Activity: Restate all the lines below word for word, but omit the pictures.

Supplied information:
>>>>

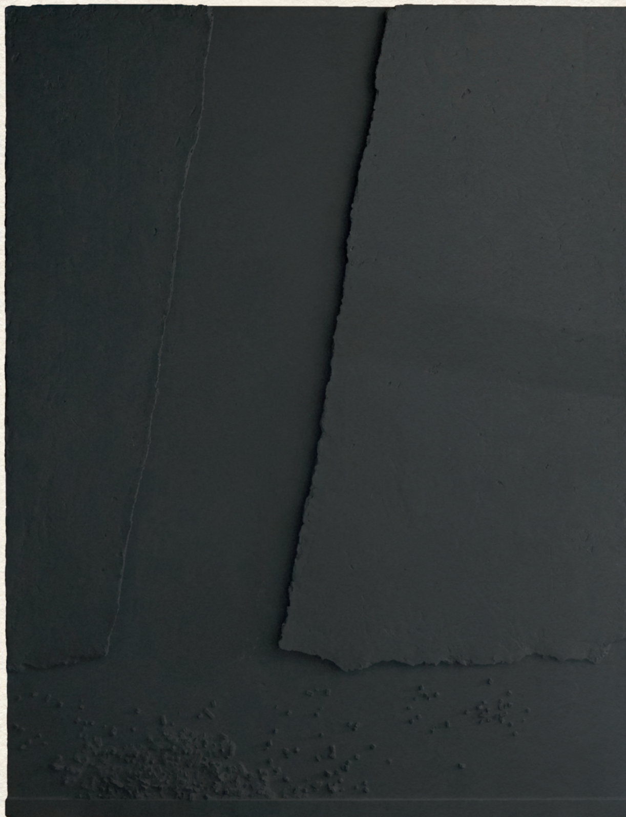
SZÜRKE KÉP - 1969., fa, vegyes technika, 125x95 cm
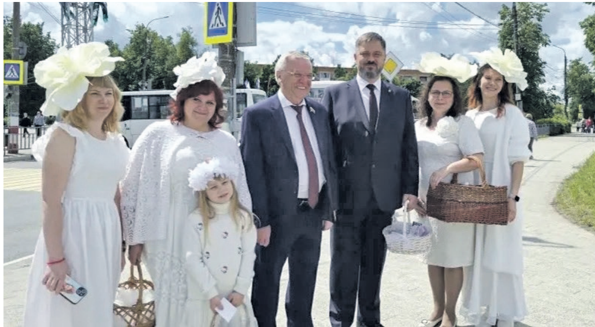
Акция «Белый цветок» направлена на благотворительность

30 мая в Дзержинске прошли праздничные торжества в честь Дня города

<<<<

Completed task:
SZÜRKE KÉP - 1969., fa, vegyes technika, 125x95 cm
Акция «Белый цветок» направлена на благотворительность

30 мая в Дзержинске прошли праздничные торжества в честь Дня города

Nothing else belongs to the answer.